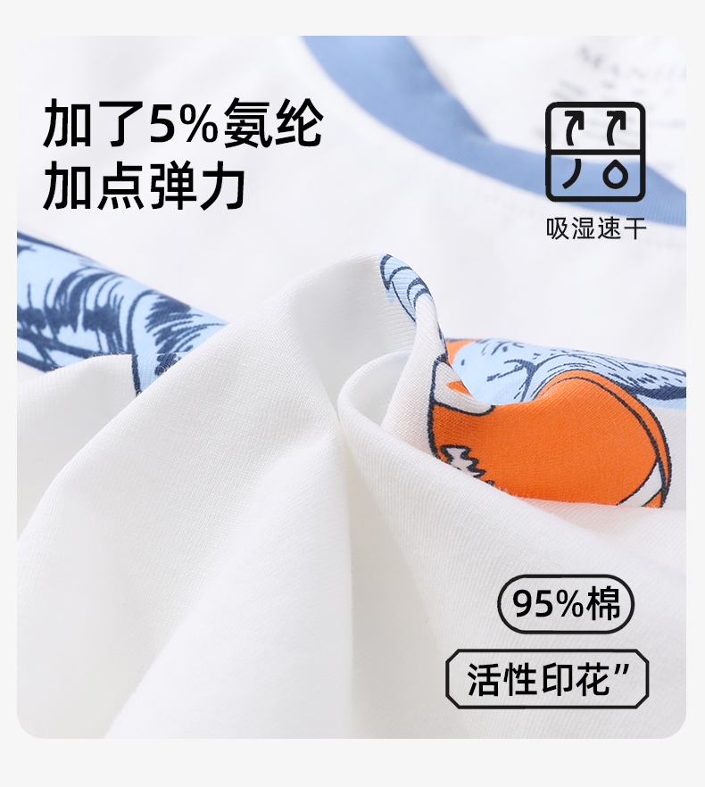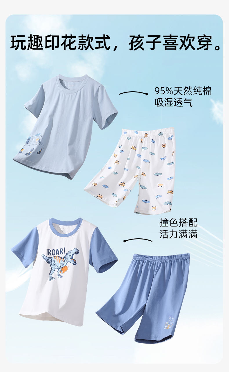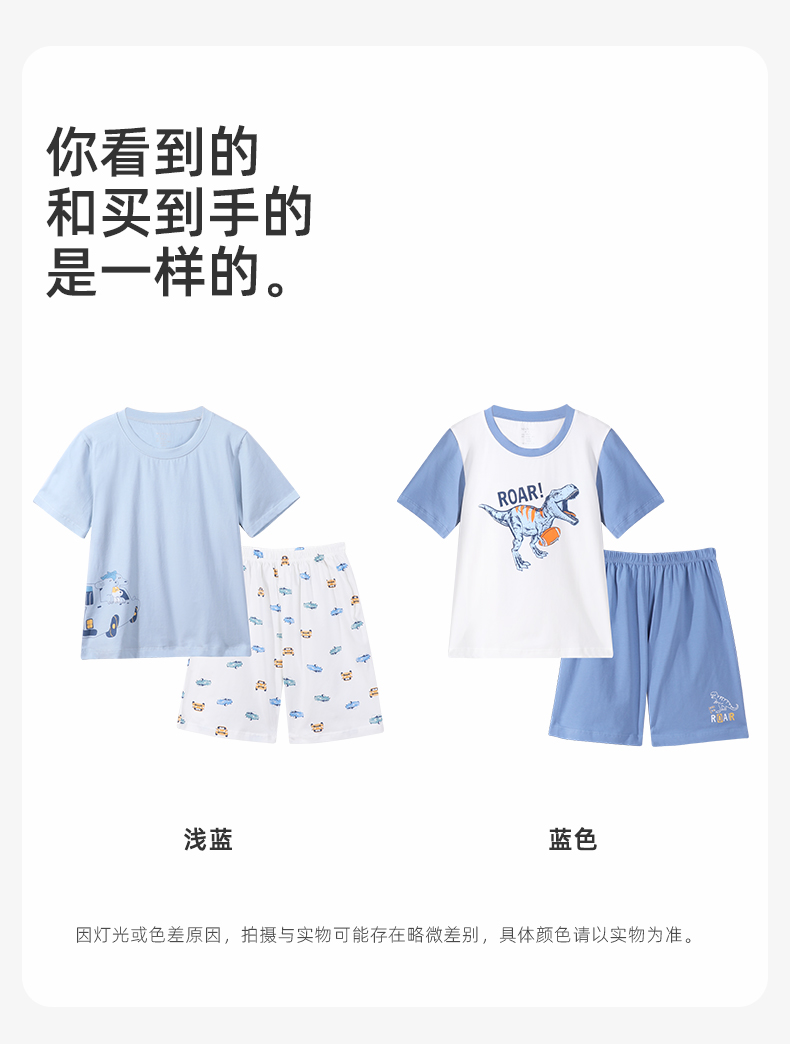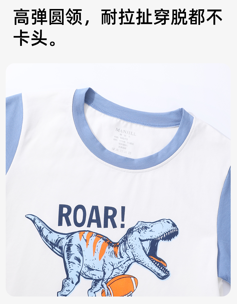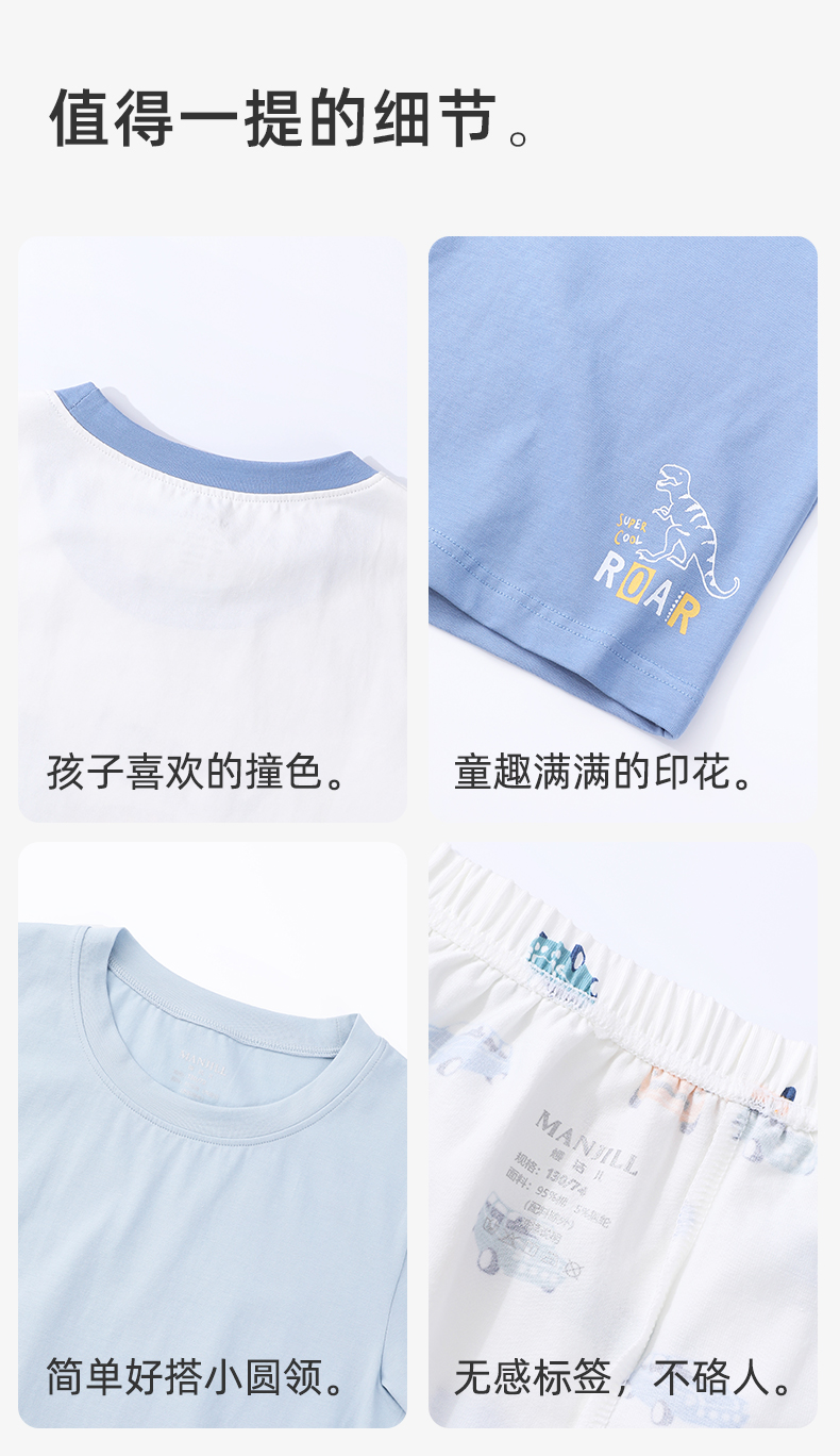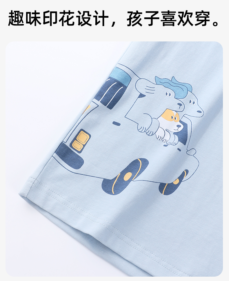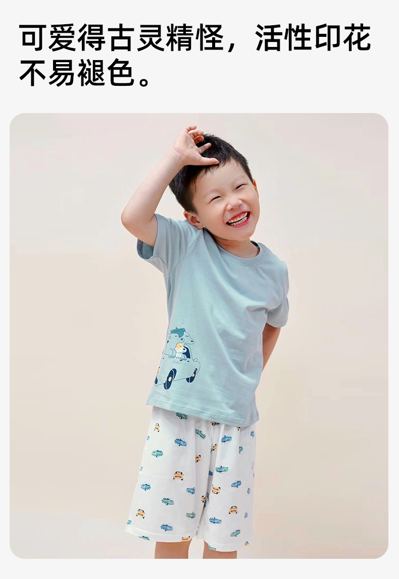 【商场同款】熳洁儿 夏季家居服男童印花棉套装撞色卡通短袖短裤可外穿23203665
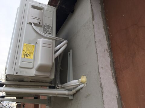 A kondenzcső kifelé-lefelé lejt, csak csalóka a kép.A kültérit nem rakatom a földre, annyira azért nem életveszélyesen zavaró
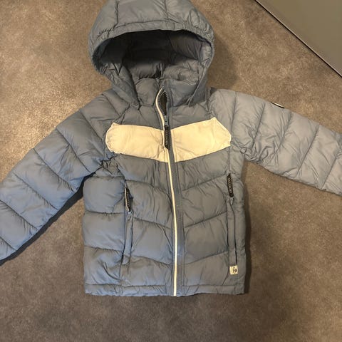 Jakke fra gullkorn i strl 122. Brukt men mye bruk igjen. Normal bruksslitasje med «nupper» på enden av armer og nederste del av jakken.
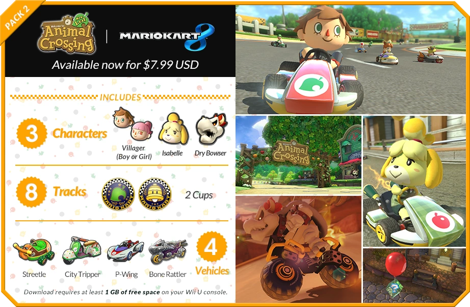 - Animal Crossing × Mario Kart 8 (Pack 2): US$7.99, CA$9.99 or 400 My Nintendo platinum points
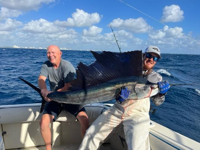 Rich and his group from Tampa chartered a 3/4-day trip. The easterly winds were blowing so we decided to kite fish with two kites and 4 live baits and a dead bottom bait. The conditions were right, and we were feeling very confident a Sailfish would find our live baits. It didn't take long before two Sailfish popped up. They both fed on the live baits and started swimming off. Our two anglers fed the Sails some line then came tight hooking the fish. It was a pretty epic battle - both fish screaming off line in different directions, jumping all over the ocean. One by one we got the fish alongside the boat, removed the hooks, and released the Sailfish.

-------

Needed here is only the span from the line with "A kondenzcső kifelé-lefelé" through the last line of the entries, copied exactly with both ends and without pictures.

 A kondenzcső kifelé-lefelé lejt, csak csalóka a kép.A kültérit nem rakatom a földre, annyira azért nem életveszélyesen zavaró
 Jakke fra gullkorn i strl 122. Brukt men mye bruk igjen. Normal bruksslitasje med «nupper» på enden av armer og nederste del av jakken.
 - Animal Crossing × Mario Kart 8 (Pack 2): US$7.99, CA$9.99 or 400 My Nintendo platinum points
 Rich and his group from Tampa chartered a 3/4-day trip. The easterly winds were blowing so we decided to kite fish with two kites and 4 live baits and a dead bottom bait. The conditions were right, and we were feeling very confident a Sailfish would find our live baits. It didn't take long before two Sailfish popped up. They both fed on the live baits and started swimming off. Our two anglers fed the Sails some line then came tight hooking the fish. It was a pretty epic battle - both fish screaming off line in different directions, jumping all over the ocean. One by one we got the fish alongside the boat, removed the hooks, and released the Sailfish.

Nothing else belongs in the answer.